One thing you can do is to turn and go the other way the instant they start focusing on another person or dog. And it's not rude to step between your dogs and another person, explaining that you are working on their manners, and asking if they'd like to assist you in the lesson.

I'm sorry, but the "So should I even bother when they're small dogs?" really bugs me. YES! you should definitely bother!! It's the lack of training that gives small dogs and small dog owners a bad name. And one day one of your small dogs just might go rushing up to a dog that turns out to not be so friendly, which could turn into a tragedy for your dog.

Start training some attention exercises for each dog separately first then together. Start out with no (or as few as possible) distractions someplace such as your backyard or in the house and gradually work up to more and more distractions.


----------



## TxRider (Apr 22, 2009)

Chris777 said:


> My dogs both get plenty of exercise , walks everyday and are constantly played with everyday. Everyone in the family does the same, not just me. But one thing is that on walks they expect this from every-single-person that walks by. I know some are going to say it's our fault for "over-loving" them when they were young. It's becoming pretty damn impossible to train them to stop pretty much based on the fact that we live in a very friendly neighbourhood and everytime my dogs get excited around people on walks people are all hugging/petting my dogs as they recieve dozens of licks while the dogs are jumping up at them. I don't want to be a angry mean guy and tell them "Oh please don't do that to my dogs", that's just rude training or not.
> 
> It doesn't really bother me and it hasn't seemed to bother random people infact they seem to love it but I know dogs aren't exactly supposed to be doing it and should be trained to not.
> 
> ...


I don't think it's rude at all to tell people not to let them jump on them. Would you think it's rude if other people were teaching your child to misbehave?

I would either not allow them to pet her until I trained her to behave, or even better use them, ask them to help train her and tell them and show them how to do so.

Training them not to jump is easy enough, just turning away and ignoring when they do it will usually work, and giving attention if they sit politely.

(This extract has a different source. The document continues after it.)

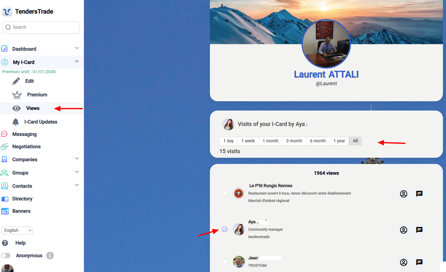 - Les visiteurs inscrits sur TendersTrade : dans ce cas, nous vous communiquons les noms et entreprises des personnes qui visitent votre i‑Card, avec un lien vers leur i‑Card et la possibilité de les contacter.
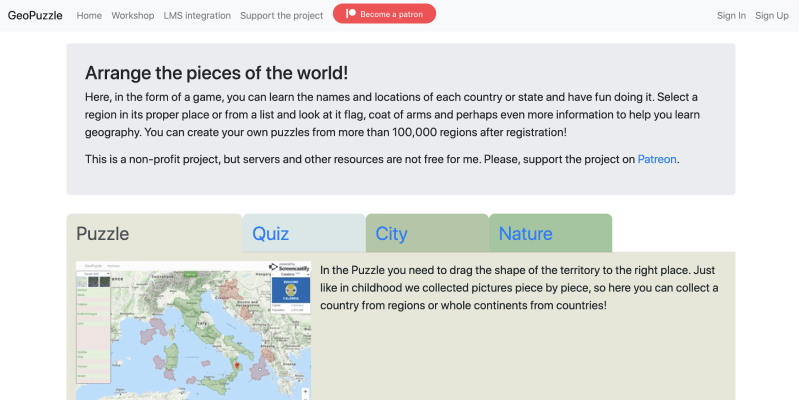 Have fun learning the names and locations of each country or state in the form of a game. Select a region and piece it together with information on the major cities, population, and other interesting information to help you learn geography. Register to create your own puzzles from more than 100,000 regions.

Feet come off the ground, turn away and ignore..

If there are a lot of people and they all do this, it won't take long at all. Could only take a few days if done right.


----------



## FlamingoFan (May 8, 2009)

Stella used to get wound up on walks.....she would want to greet the other dogs and their owners....I had her sit as people/dogs approached us. If she was quiet and stayed in a sit...she got a treat/praise. 

It didnt take her long to learn that walks were for walking...and not jumping all over people and their dogs. Now she pays no attention to people that pass us on our walks.


----------



## digits mama (Jun 13, 2007)

Yes you should bother..It is annoying (Iknowthis) and could pose danger for your pups. My dogs are happy people loving terriers and one of them is a constant battle with people that come over. when i have the leash on her, i sit her down and step on the leash. I allow the people to approach her and she either sits pretty cause she cant jump or flops over to show her belly. I find it is very OCDish with her cause she seems to just have a urge to jump like if she dont she will just die!

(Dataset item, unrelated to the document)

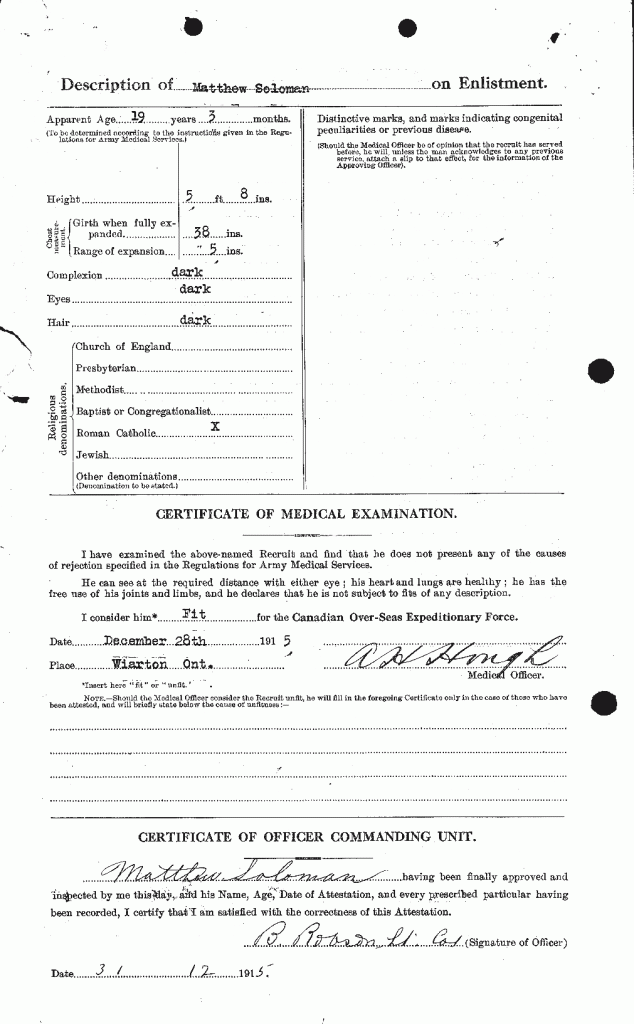 He was the son of Alexander and Elizabeth Solomon of Chippawa Hill, Ontario, the husband of Laura Solomon, and the father of nine children ranging in age from 2 to 19.

Lots of repetition and desensitization has worked wonders with her. Out on walks I dont have the problem, But at home..Its a Biotch


----------



## FlamingoFan (May 8, 2009)

At home we do the "shun" when people come in...and for us when we come home. We encourage company to walk right by her...not to notice her...pet her...nothing...until she is calm. It's hard....cuz Stella is super duper cute....but we also don't want a dog that throws herself all over company.

It's not easy...but it's working.


----------



## bully (Sep 16, 2009)

Don't pet or acknowledge them when they are exited. It might take time at first, but eventually they get that they need to relax to get attention.


----------